To install PIPETS, use Bioconductor’s BiocManager package.

if (!require("BiocManager", quietly = TRUE))
    install.packages("BiocManager")

BiocManager::install("PIPETS")

Basic PIPETS Run

PIPETS accepts two types of data as inputs: Bed Files or GRanges objects. Both sets of data undergo the same analysis method. Running the method differs slightly if the user is using a GRanges input. Here we show the basic walkthrough of running PIPETS on an input Bed file. The five parameters that need to be specified to run PIPETS are inputData, the readScoreMinimum of “good quality” reads,
the prefix for the output file name OutputFileID, the file path to the output director OutputFileDir ,and the type of input data inputDataFormat.

Bed File Input

library(PIPETS)


#Bed File Input
PIPETS_FullRun(inputData = "PIPETS_TestData.bed"
               ,readScoreMinimum = 42, OutputFileID = "ExampleResultsRun", 
               OutputFileDir = tempdir(),
               inputDataFormat = "bedFile")

GRanges Object Input

library(PIPETS)
library(BiocGenerics)
library(GenomicRanges)
#GRanges object input
#When run on GRanges objects, PIPETS also outputs the strand split GRanges objects to a list for the user
#The first item in the list are the + strand reads, and the second are the - strand reads
GRanges_Object <- read.delim(file = "PIPETS_TestData.bed",
        header = FALSE, stringsAsFactors = FALSE)
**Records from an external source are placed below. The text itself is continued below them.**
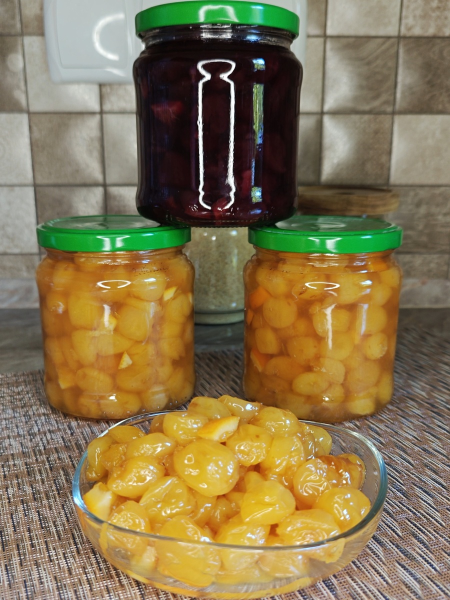 Успейте в этом сезоне приготовить невероятное варенье из черешни с апельсином — вкус, который стоит сохранить! Это ароматное лакомство подарит вам солнечное лето даже зимой. Ингредиенты: Черешня (красная и/или белая) — 2 кг Апельсин — 1 шт. (на каждые 2 кг черешни) Сахар — 200 г на 1 кг черешни Подготовка: Сначала удалите плодоножки, затем тщательно промойте ягоды. Косточки можно вынуть специальным приспособлением, но если его нет — отлично подойдёт обычная чайная ложечка. Я, например, предпочитаю ложку, даже несмотря на наличие инструмента — ягода остаётся целой и красивой. Апельсин нарежьте мелким кубиком вместе с кожурой, добавьте к подготовленной черешне. Засыпьте сахаром — 200 г на каждый килограмм черешни. Поставьте варенье на средний огонь и доведите до кипения. Как только закипит — отключите нагрев и дайте полностью остыть. Повторите процесс 5–6 раз — это зависит от сочности ягод. Такой метод позволяет сохранить ягоды целыми, а вкус — насыщенным. Точно так же я варю варень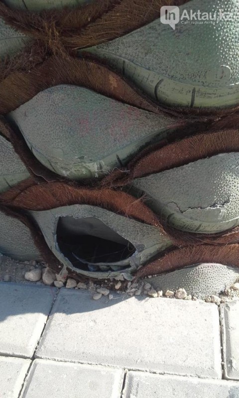 В Актау строительная организация, занимающаяся благоустройством набережной, пожаловалась на вандалов, которые успели испортить несколько недавно установленных искусственных пальм, сообщает ИнАктау.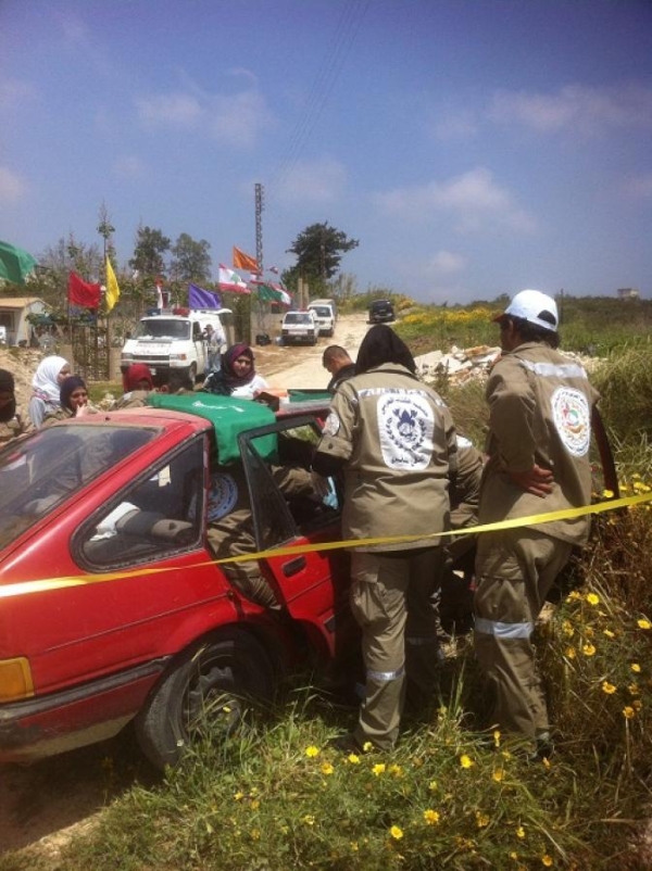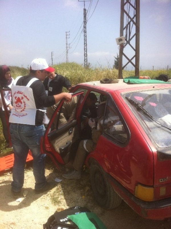 المرحلة الأولى : حاكت التدريب على إنقاذ ركاب سيارة اصطدمت بعامود الكهرباء وقد احتجز ركاب السيارة بداخلها بعد ان شبت النيران في المحرك، على الفور تحرك المسعفون ، فمنهم من قام بإخماد النيران ومنهم من قام بإخراج الركاب المحتجزين من السيارة وفق الأصول العلمية والطبية والتي لا تسبب للمصاب اي أضرار أخرى، وقام المسعفون بتقديم الإسعافات الأولية للمصابين ونقل الحالات الحرجة الى المستشفيات
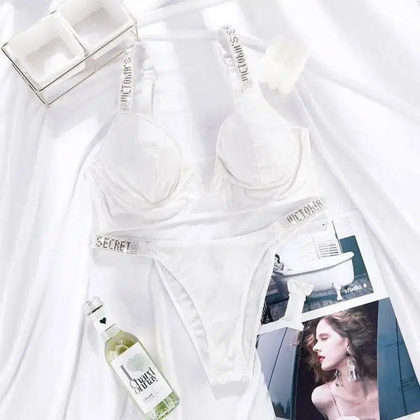 Descrição do Produto: Sutiã Push Up Deep V Letter Rhinestones Set Women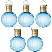 Solar lampion voor buiten - 5x - LED - blauw - 11 cm - buitenverlichting -

GRanges_Object <- GRanges(seqnames = GRanges_Object$V1,
        ranges = IRanges(start = GRanges_Object$V2,end = GRanges_Object$V3
        ),score = GRanges_Object$V5 ,strand = GRanges_Object$V6)

ResultsList <- PIPETS_FullRun(inputData = GRanges_Object, readScoreMinimum = 42, 
               OutputFileDir = tempdir(),
               OutputFileID = "ExampleResultsRun", inputDataFormat = "GRanges")

head(ResultsList)
## [[1]]
## GRanges object with 2232 ranges and 1 metadata column:
##           seqnames      ranges strand |     score
##              <Rle>   <IRanges>  <Rle> | <integer>
##      [1] NC_003028 29924-29982      + |        42
##      [2] NC_003028 29933-29991      + |        42
##      [3] NC_003028 29933-29991      + |        42
##      [4] NC_003028 30321-30379      + |        42
##      [5] NC_003028 30321-30379      + |        42
##      ...       ...         ...    ... .       ...
##   [2228] NC_003028 34660-34718      + |        42
##   [2229] NC_003028 34663-34721      + |        42
##   [2230] NC_003028 34663-34721      + |        42
##   [2231] NC_003028 34664-34722      + |        42
##   [2232] NC_003028 34665-34723      + |        42
##   -------
##   seqinfo: 1 sequence from an unspecified genome; no seqlengths
## 
## [[2]]
## GRanges object with 2864 ranges and 1 metadata column:
##           seqnames      ranges strand |     score
##              <Rle>   <IRanges>  <Rle> | <integer>
##      [1] NC_003028     641-699      - |        42
##      [2] NC_003028     642-700      - |        42
##      [3] NC_003028     643-701      - |        42
##      [4] NC_003028     648-706      - |        42
##      [5] NC_003028     648-706      - |        42
##      ...       ...         ...    ... .       ...
##   [2860] NC_003028 34665-34723      - |        42
##   [2861] NC_003028 34665-34723      - |        42
##   [2862] NC_003028 34665-34723      - |        42
##   [2863] NC_003028 34665-34723      - |        42
##   [2864] NC_003028 34665-34723      - |        42
##   -------
##   seqinfo: 1 sequence from an unspecified genome; no seqlengths

PIPETS Output

Per input Bed file, PIPETS will create 4 output files in the R directory. All output files will begin with the user defined file name.

First, PIPETS creates strand-split Bed files which it uses during analysis. PIPETS takes the input Bed file, separates the Plus-Strand (+) and the Complement-Strand (-) reads and counts how many reads are assigned to each genomic coordinate.